There is a vast amount of material here, and not all of it is handled perfectly. If the Bernie/rabbi bits ultimately leave one cold, it's probably because all the amerikitsch feels too much like old home week for anyone who has basic cable, or remembers what Heidi Montag's thighs looked like before her 16th liposuction. But boy, are there moments here: The rabbi's first observations about television, while he still cleaves to the old ways, are pretty hilarious; "If a man to other men will sell his wife," he asks, "is not obliged Reb Springer to cleave open his breast and tear out his farkokte heart?"

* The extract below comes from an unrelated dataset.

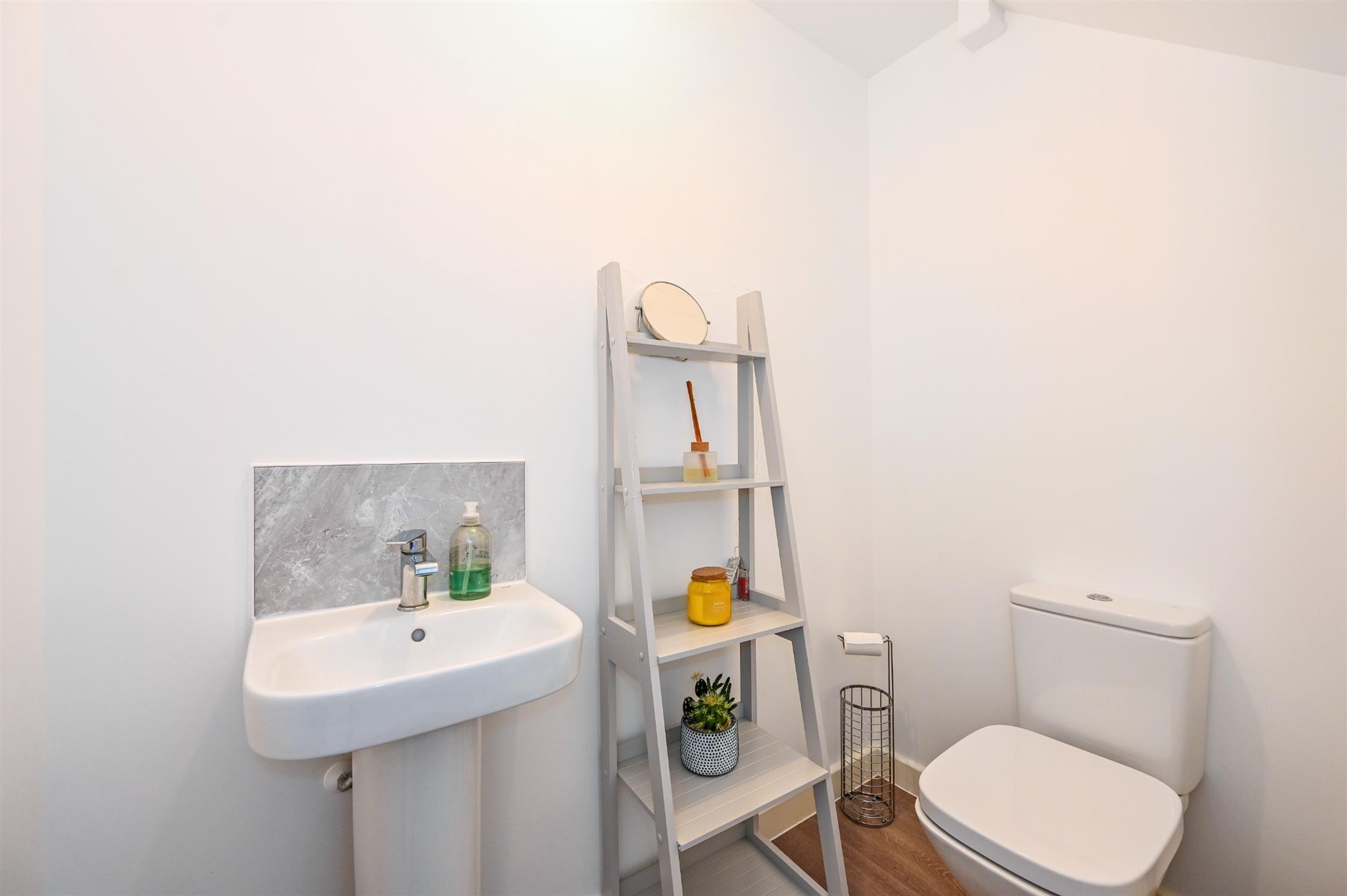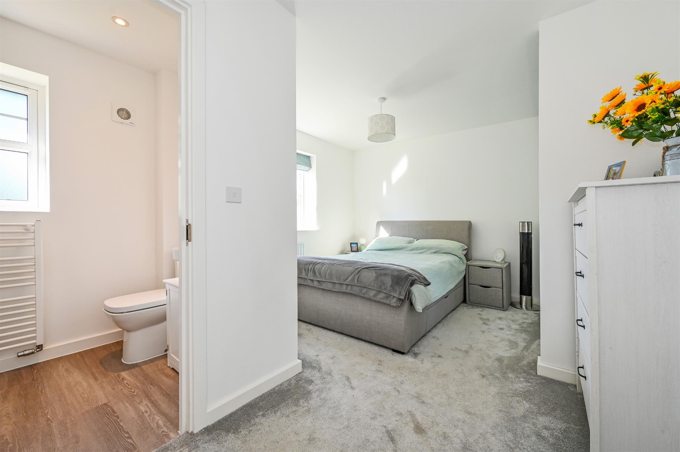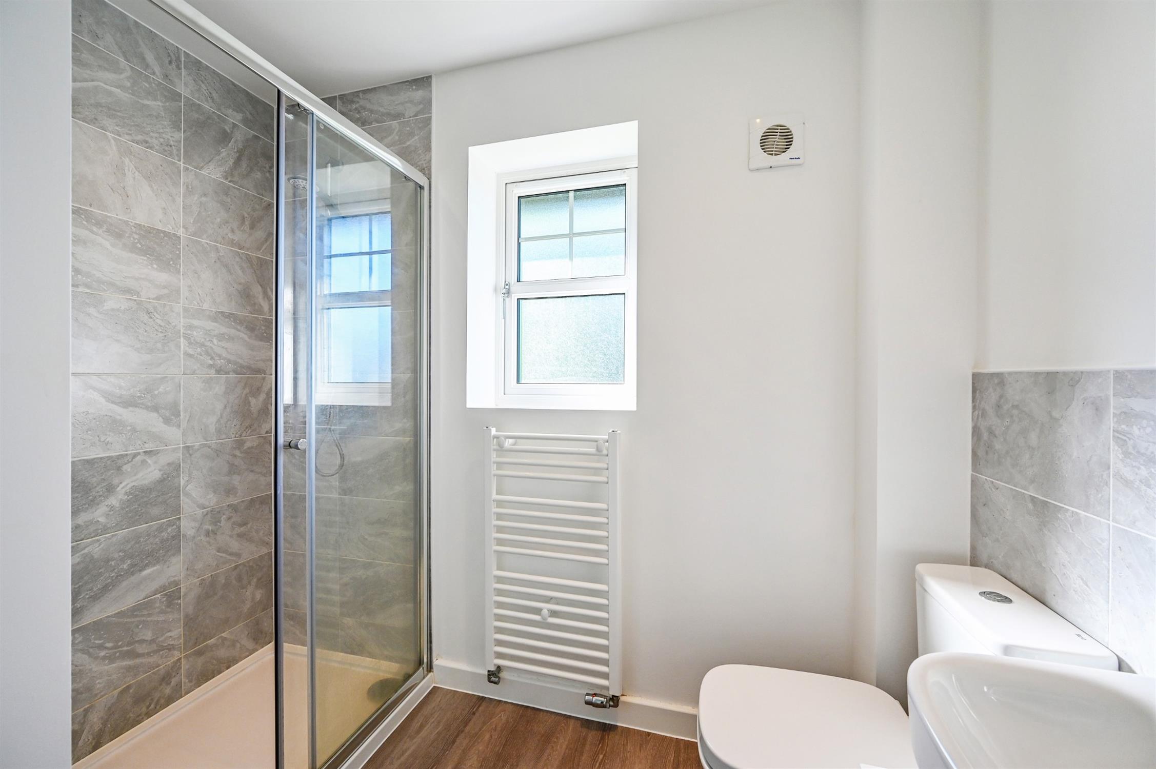 Double glazed window to the front aspect. White suite comprising walk-in shower and shower attachment. Pedestal sink with mixer tap over and cupboard storage under. WC. Tiling. Heated towel rail. Extractor fan. Inset lighting.

Far better - brilliant, in fact - is everything else about this book. In particular, the coming together of Bernie's great-grandparents is as touching a love story as any I have ever read. The colours of their Lower East Side neighbourhood are also vivid and sharp: the live chickens and dead con men, the sweatshops and stables and crowded tenements. And Stern is just as painterly elsewhere, whether he writes about Palestine or the Pale.

It's perhaps unusual that a comic writer should also be such an astute historian, but Steve Stern - for all his doppelgangers in the literary world - is truly one of a kind. If good fortune favours him more than it does the Karps, this may finally be the book that marks him as a known commodity. Then again, there is something so achingly sad and funny about the non-fame he already has, and the lovely writing that has given rise to it. Why mess with a good thing?

Cynthia Macdonald is a Toronto journalist and fiction writer. Her freezer contains nothing more interesting than fish sticks.